◆ TASK BRIEF ◆
Transcribe the line that contains "车内采用的2+3+2的七座椅" and every line after it to the end of the records, exactly and nothing else. Skip the pictures.

◆ EXCERPTED RECORDS ◆
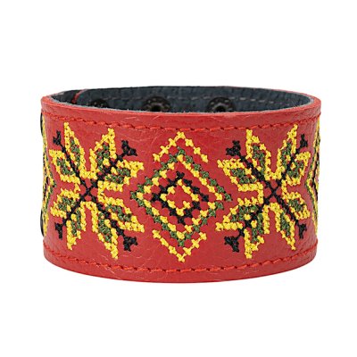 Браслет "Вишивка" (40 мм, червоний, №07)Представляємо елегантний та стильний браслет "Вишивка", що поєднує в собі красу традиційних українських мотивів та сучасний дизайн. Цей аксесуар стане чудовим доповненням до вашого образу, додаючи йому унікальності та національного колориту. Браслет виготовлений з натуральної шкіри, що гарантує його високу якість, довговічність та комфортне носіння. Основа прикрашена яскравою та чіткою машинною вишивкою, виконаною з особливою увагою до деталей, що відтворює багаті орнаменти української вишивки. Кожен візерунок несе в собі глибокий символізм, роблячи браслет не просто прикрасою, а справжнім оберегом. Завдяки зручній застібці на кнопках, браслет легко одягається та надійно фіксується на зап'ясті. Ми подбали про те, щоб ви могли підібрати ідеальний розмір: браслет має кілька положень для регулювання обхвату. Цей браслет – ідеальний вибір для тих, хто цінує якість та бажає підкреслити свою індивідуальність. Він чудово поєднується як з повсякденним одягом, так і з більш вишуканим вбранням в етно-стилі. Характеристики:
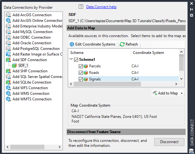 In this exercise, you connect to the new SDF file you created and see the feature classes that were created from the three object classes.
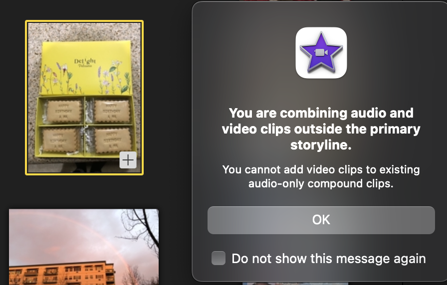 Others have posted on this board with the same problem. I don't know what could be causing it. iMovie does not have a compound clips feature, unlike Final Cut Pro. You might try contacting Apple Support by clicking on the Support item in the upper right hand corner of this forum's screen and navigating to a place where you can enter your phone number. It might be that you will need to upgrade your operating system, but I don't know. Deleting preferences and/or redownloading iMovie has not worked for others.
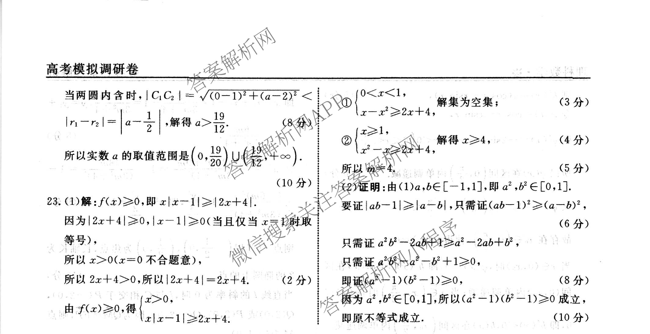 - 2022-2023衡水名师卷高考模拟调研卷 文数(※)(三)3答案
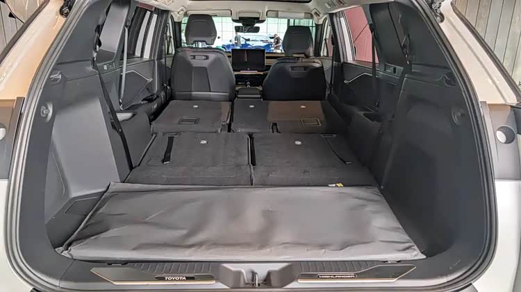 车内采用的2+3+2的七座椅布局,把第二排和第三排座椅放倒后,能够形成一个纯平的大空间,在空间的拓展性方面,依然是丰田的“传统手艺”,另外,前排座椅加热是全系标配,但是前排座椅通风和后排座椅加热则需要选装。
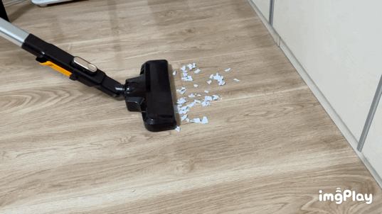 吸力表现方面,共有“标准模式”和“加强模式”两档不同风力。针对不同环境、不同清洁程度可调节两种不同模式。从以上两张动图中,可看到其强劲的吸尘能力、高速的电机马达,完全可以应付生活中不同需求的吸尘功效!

◆ TASK ANSWER ◆
 车内采用的2+3+2的七座椅布局,把第二排和第三排座椅放倒后,能够形成一个纯平的大空间,在空间的拓展性方面,依然是丰田的“传统手艺”,另外,前排座椅加热是全系标配,但是前排座椅通风和后排座椅加热则需要选装。
 吸力表现方面,共有“标准模式”和“加强模式”两档不同风力。针对不同环境、不同清洁程度可调节两种不同模式。从以上两张动图中,可看到其强劲的吸尘能力、高速的电机马达,完全可以应付生活中不同需求的吸尘功效!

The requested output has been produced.